• _What needs to be done_
Exact reproduction of all the data is required, with pictures excluded.

• _Information shown_
=======
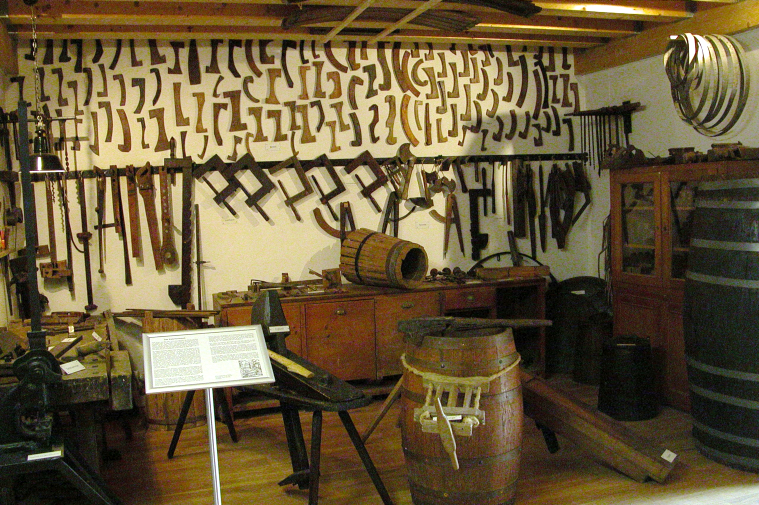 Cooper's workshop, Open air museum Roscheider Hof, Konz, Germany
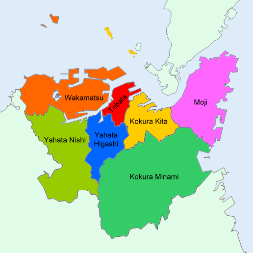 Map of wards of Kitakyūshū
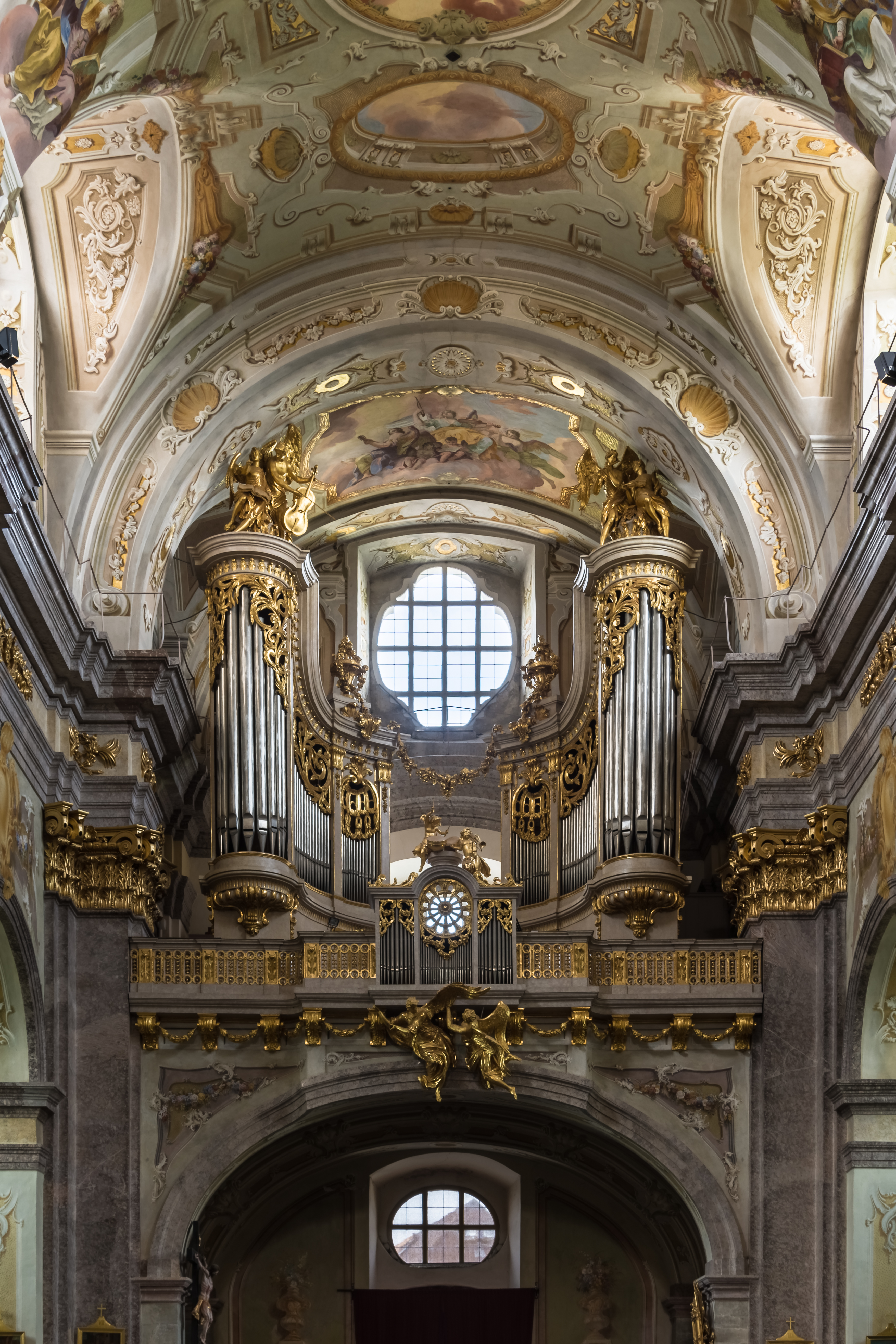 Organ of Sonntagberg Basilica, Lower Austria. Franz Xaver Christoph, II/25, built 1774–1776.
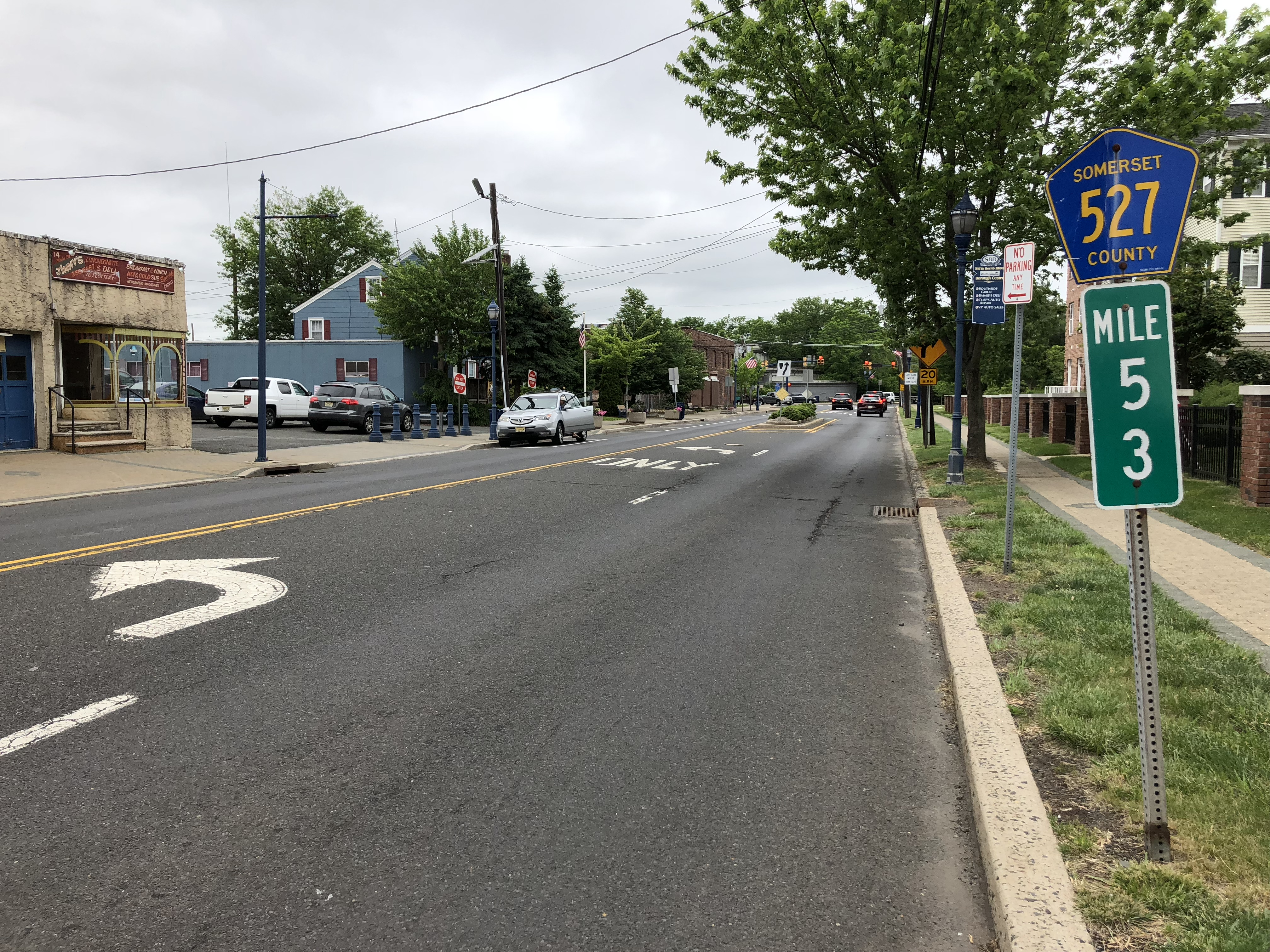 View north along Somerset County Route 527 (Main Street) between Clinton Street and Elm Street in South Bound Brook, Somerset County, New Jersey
=======
• _Result for this exercise_
 Cooper's workshop, Open air museum Roscheider Hof, Konz, Germany
 Map of wards of Kitakyūshū
 Organ of Sonntagberg Basilica, Lower Austria. Franz Xaver Christoph, II/25, built 1774–1776.
 View north along Somerset County Route 527 (Main Street) between Clinton Street and Elm Street in South Bound Brook, Somerset County, New Jersey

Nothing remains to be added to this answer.